Piled on to this is the entire discovery record replete with testimony which if believed, not only bolsters a quid pro quo claim, but also lays out conduct by Chief Mosesso that would also constitute hallmark examples of a hostile work environment for Title VII purposes, spanning Plaintiffs employment and continuing until the very end. This includes, among other things, a fist fight/wrestling match between the Chief and Plaintiffs then-boyfriend at a Christmas party, ECF No. 1 at ¶ 26, S.D. at 75, the Chief supposedly trapping the Plaintiff into a comer behind a pool table in her own basement when she rebuffed his relationship renewal efforts, ECF No. 1 at ¶ 31, S.D. at 83-85, and the Chief going to the Plaintiffs house for Easter dinner and expressing the unrequited nature of his affections to the Plaintiffs father. ECF No. 1 at ¶ 34, S.D. at 108. According to the Plaintiff, Chief Mosesso allegedly pushed her into a locker at the police station while enraged over his lack of a relationship with Plaintiff and because of the one she had with someone else. S.D. at 96. He also allegedly locked her in a patrol car with him for the same reasons. S.D. at 100-102. This is on the heels of what all parties seem to concede was a multi-year, pretty much "out in the open" romantic relationship between the Plaintiff and the Chief that had come to an end. See ECF No. I at ¶¶ 26-36; S.D. at 11, 267.[5]
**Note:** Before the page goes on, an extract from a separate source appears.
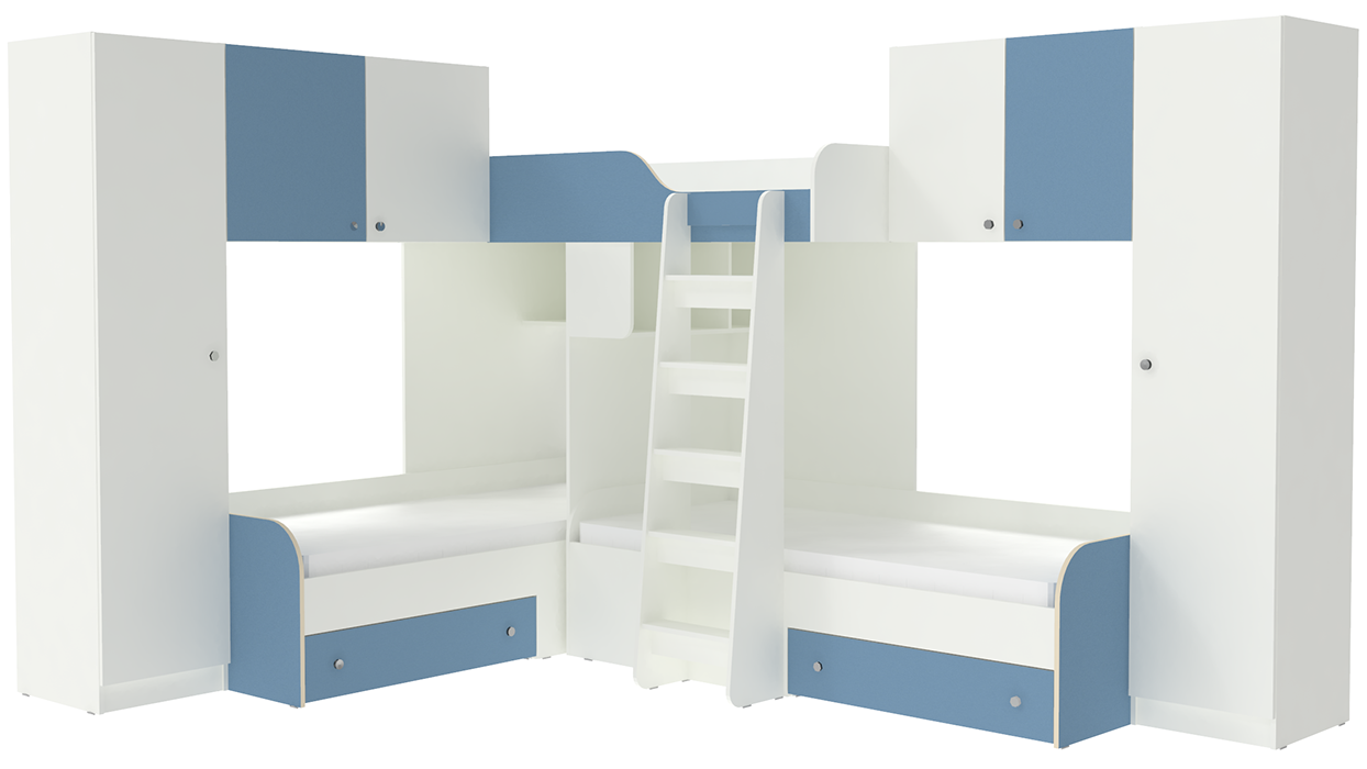 Трехместная кровать Трио 3 Белый Светло-синий, голубой

The big problem with the Borough's reconsideration Motion is that it considers only the discovery evidence that it likes, and downplays or ignores the balance of the testimonial record. While there is plenty of record evidence from which a jury could conclude that Chief Mosesso surely was jealous of the Plaintiffs romances with others, paired with it is as much (if not more) evidence of the Chiefs persistent efforts to rekindle his romantic relationship with the Plaintiff, amplified with serial aggressive acts, outbursts of anger, physical confinement of the Plaintiff, actions directly affecting the Plaintiff on the job as a police officer, and ongoing, multi-faceted expressions of his unrequited physical attraction and emotional affinity for the Plaintiff.
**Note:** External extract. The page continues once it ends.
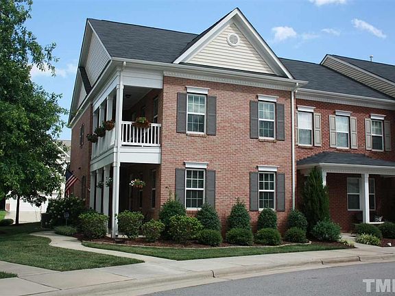 Brick end unit 3-bedroom townhouse 3 miles from downtown Raleigh! Lives like a single family home. Granite and stainless in kitchen. Crown moulding and hardwoods throughout first floor. Open floor plan with lots of light. Gas fireplace and custom built-ins. Two walk in closets in master. 1 car garage with double parking pad. Additional parking adjacent to house. Energy star certified home. Beautiful landscaping. Community pool, clubhouse, gym, tennis courts, volleyball, and great neighborhood events.

The Borough and the Chief may be correct that they will have a winner at trial, and a jury will conclude either that most if not all of the Plaintiffs factual assertions don't hold water, or that there was nothing at all unwelcome about how the Chief wanted to combine his love life with that of the Plaintiff and their police work. If so, then the jury could come in with a defense. 6 verdict.[6]
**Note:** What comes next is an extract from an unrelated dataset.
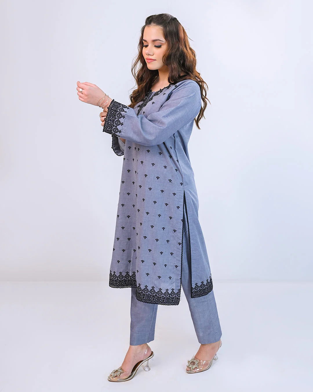 Classic grey and black combination with intricate cross-stitch embroideryâ€â€perfect for any day or night event!

On the other hand, there is substantial record evidence from which a jury could conclude that the Chief and the Plaintiff had a thriving love affair while protecting and serving the public in Mt. Oliver, that the Plaintiff elected to bring it to an end, and thereafter, the Chief could not get over it and chose to bring the Plaintiffs Mt. Oliver Police career to an end with a resignation letter that the Plaintiff never intended be submitted to anyone, let alone Borough Council. A permissible inference from the record, including the Plaintiffs deposition testimony, is that the operative events occurred because Chief Mosesso wanted to have sex with the Plaintiff, because the Plaintiff was a woman, and because she did not to proceed as Chief Mosesso's words and actions suggested, if not demanded. See ECF No. 65-1 at 12-13.

Which version is true is the stuff that genuine issues of material fact and jury trials are made of, and the denial of summary judgment was mandated by the controlling substantive law and the factual record developed by the parties in discovery. Now, it is for a jury to sort out what happened, and why, in the affairs of Mt. Oliver Borough.

The Motion for Reconsideration is denied.